LMS also make other crappy technologies easier to access. They become a portal through which surveillance technologies like originality checkers, enhanced analytics, and exam proctoring software become accessible to more faculty; they’re also an entry-point for inclusive access textbook plans and homework systems. We will talk about all of these technologies this month, so stay tuned. But in a nutshell: the LMS becomes a one-stop-shop of yikes.
I have known people who can make the LMS sing – they make it beautiful, they wrench it into their desired functionality. But for most of us mere mortals, it’s just a crummy tool that makes bad choices too easy.
Strategies to Detoxify the Tool
Many of us are stuck, by policy or common practice, with the LMS. Here are some ideas for making sure the LMS isn’t in charge.

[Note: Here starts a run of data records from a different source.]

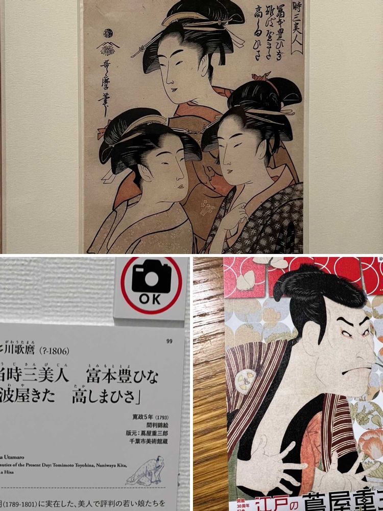 ③千葉市美術館の企画展にて撮影OKだった歌麿の『当時三美人』と、チケットに描かれた写楽の『三代目大谷鬼次の江戸兵衛』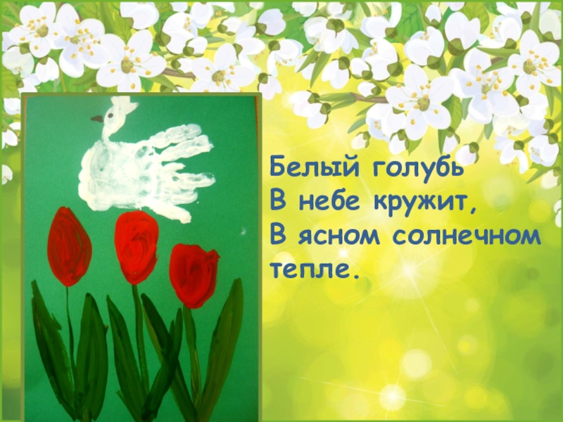 Слайд 6Белый голубь В небе кружит, В ясном солнечном тепле.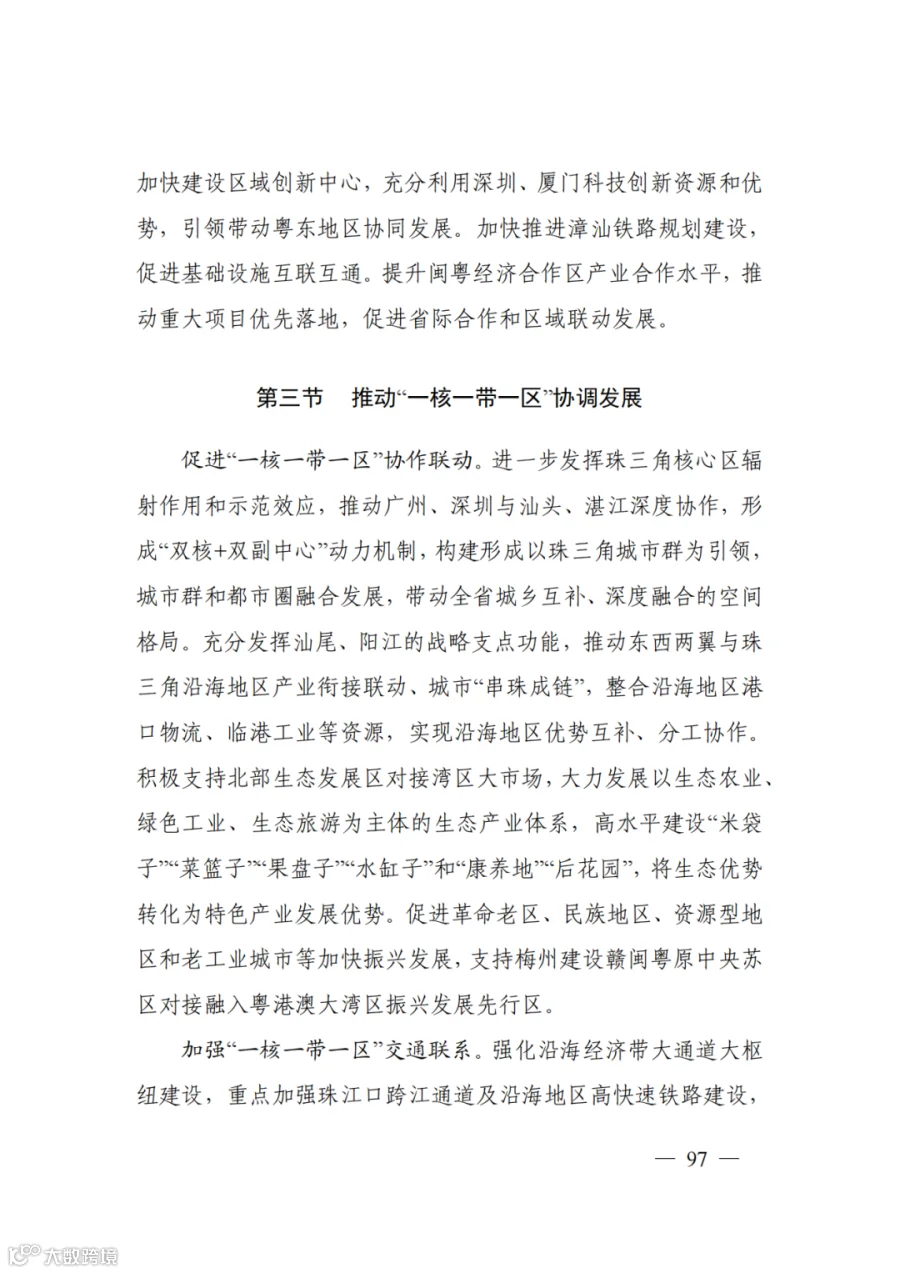 “一核”即强化珠三角核心引领带动作用,深化珠江口东西两岸融合发展,支撑广州、深圳都市圈和珠中江一体化发展,携手港澳共建国际一流湾区和世界一流城市群,形成带动全省发展的主动力源。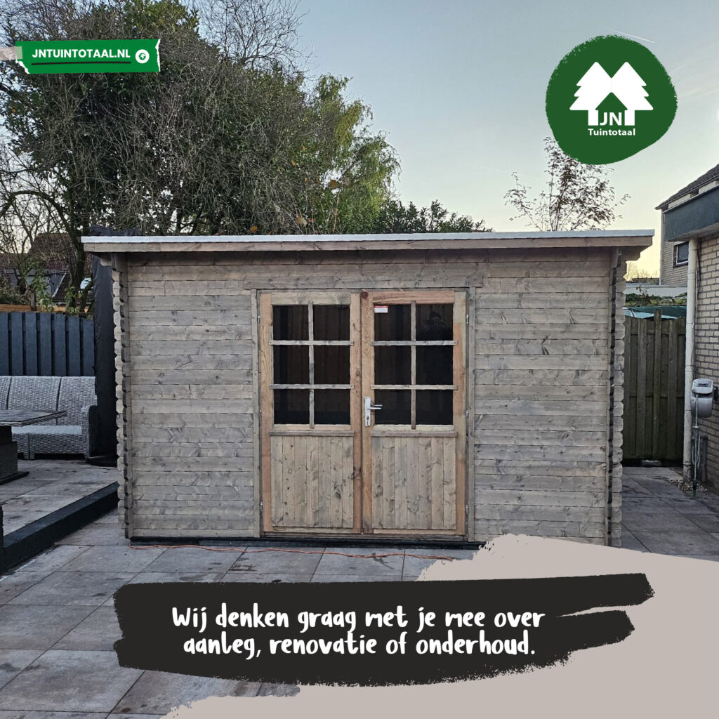 Bij JN Tuintotaal combineren we het plaatsen van een blokhut vaak met een compleet tuinplan. Dit kan onderdeel zijn van een volledige tuinaanleg of een tuinrenovatie. Bekijk hiervoor ook onze pagina over tuinaanleg: https://jntuintotaal.nl/tuinaanleg/

- Consider how the LMS can exist as a classroom hub for assessments but connects the learner to additional resources: the LMS walled garden might have a gate that opens to the open web. My colleague Jamie Drozda and I have talked about this in our Life Beyond Moodle workshop.
- Lean on the instructional designers at your institution to help you make the best choices in layout and composition of your LMS space.
- Before you decide something isn’t possible or desirable, ask who is the driver’s seat: your pedagogical sense and experience, or the LMS? Don’t be afraid to email your friendly neighbourhood learning technologist for help figuring out a workaround or perhaps a better tool for what you need to do.
- Opt out of the add-on services by ignoring analytics, choosing not to use surveillance tools, and selecting OER over bundled etexts.